After configuring Integrations, the data starts getting replicated in the Stitch pipeline, and then it is time to load the data in target destinations after transformation is complete. At this moment, Stitch supports the following destinations:
Above destinations can easily be switched if you want to change the destination used initially considering the new destination is already configured.
One of the pipeline integration I tried was using AWS Aurora MySQL RDS as integration and Google Cloud Big Query as a data analytics platform.
After completing the signup at https://stitchdata.com next step is to add the integrations. Integrating any data source to Stitch pipeline is very straight forward by following the Stitch official documentation. For the above MySQL integration, documentation is available on stitch website here which can be referred for the configuration steps required to provide the DB access for stitch users.
Many more sources are available with all the required documentation here which can be explored based on the business requirement. MySQL sample database looks something like this once configuration is completed.
Image 3- Successful integration of MySQL with stitch.
Once the data is in stitch, it’s time to get the destination ready and choose the BigQuery destination on the landing page.

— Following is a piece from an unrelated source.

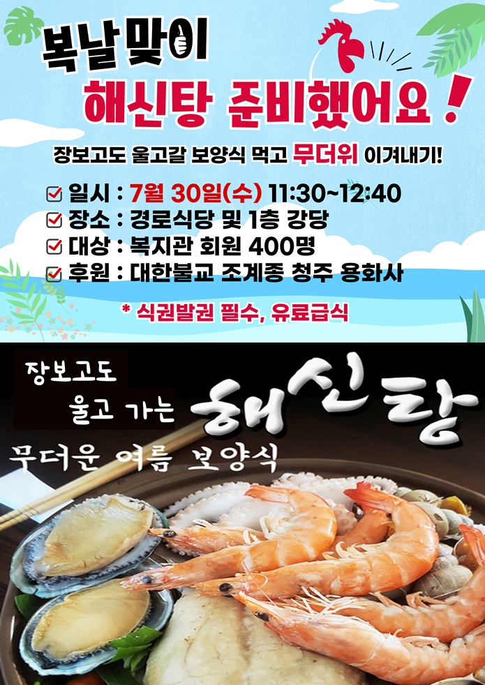 | [경로식당 특식] 복날맞이 해신탕 DAY 안내 | |||

Image 4- Destination landing page.
Big Query platform in Google cloud needs to be accessed by stitch, so here is the simple instruction to create an IAM role-based access in GCP console.
Image 5- Successful Big query Destination configured.
Now, instead of managing the data shipping, continuous data replication, and data transformation, users can focus on performing analysis of data fully. Just configure the stitch pipeline and it will do the rest. Support for multiple integrations will create a very efficient pipeline converting multiple data formats to a single compatible format for processing.